Friday, June 20, 2008 07:31 PM

A hypochondriac should know how to spell "suppurating"

Maybe misspelling basic medical terms is a symptom of something. I am one of two physicians who make up a paradox. Call me and I'll let you know my number.

Friday, June 20, 2008 07:46 PM

@gensing

Can you cite any peer-reviewed, published scientific studies that show that telling people to "get an effing life" is an effective therapeutic strategy for treating the mentally ill?

From my experience, when someone's brain isn't working right, yelling at them really doesn't help it work better.

It's like kicking a computer when it catches a virus. Okay, sure, you got to express some rage. Bet that felt good, huh? But your rage didn't help the computer one bit.

Usually the best thing to do is figure out what's really wrong, and work from there.

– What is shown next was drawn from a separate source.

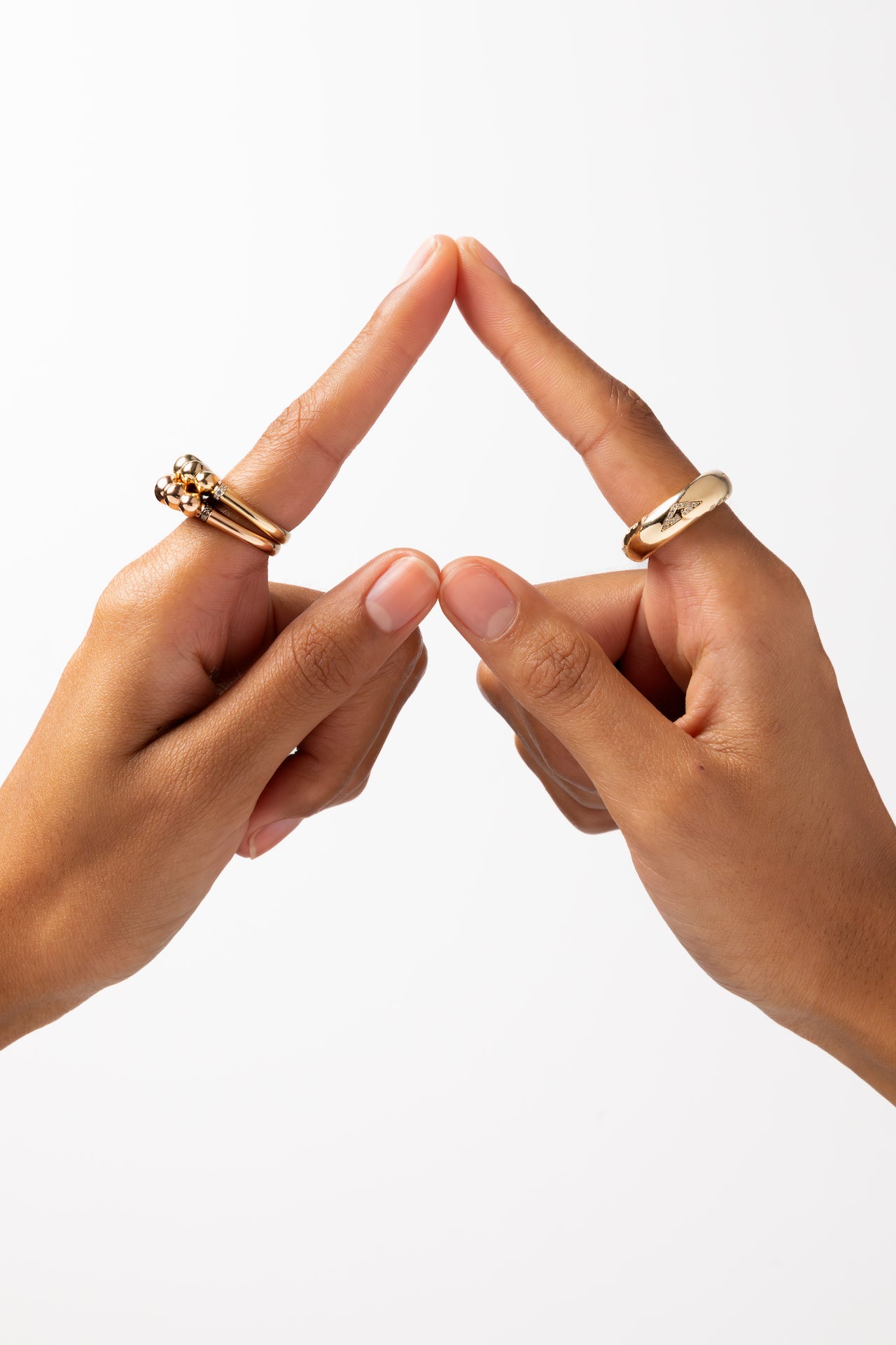 All İTÄ pieces are made of solid 14K yellow, white, or rose gold. Some pieces feature enamel or precious stones, which are ethically sourced.

Friday, June 20, 2008 07:52 PM

That's funny...

I was going to write in and say that a lot of my family thought I was being a hypochondriac when I would complain randomly about what I thought was repetitive stress disorder or thoracic outlet syndrome from computer work, but as it turned out actually WAS stage three Non-Hodgkins Lymphoma. Someone else beat me to the mention of NHL, though, go figure. First time I tried to have my complaints checked out, the doctor treated me rather badly and then told me I had injured my shoulder but that I should work through the pain and take some ibuprofen and I'd be fine to do any type of work I wanted, even manual labor. The second time I was seen I thought I had bronchitis. This was six months after the first visit and after I had developed a seal-like barking cough to go along with the random numbness, pain, and swelling that came and went in my arms and shoulders and neck. After they finally ordered some scans, I found out the cough was from the now very large tumors pressing on my heart and lungs, as well as my vena cava.

Sometimes it IS a good idea to have things checked out, even if the first doctor you see thinks you're making it up and treats you like crap. Maybe they did this because I was only 27 and most 27 year olds don't have serious problems and are then suspect if they come in complaining of vague symptoms, but I believe that everyone deserves to be treated with respect (including the doctors, nurses, and staff that help you out, obviously) and have their issues given the proper attention. You know the saying, "just because you're paranoid...?" Every once in a while it's with good reason.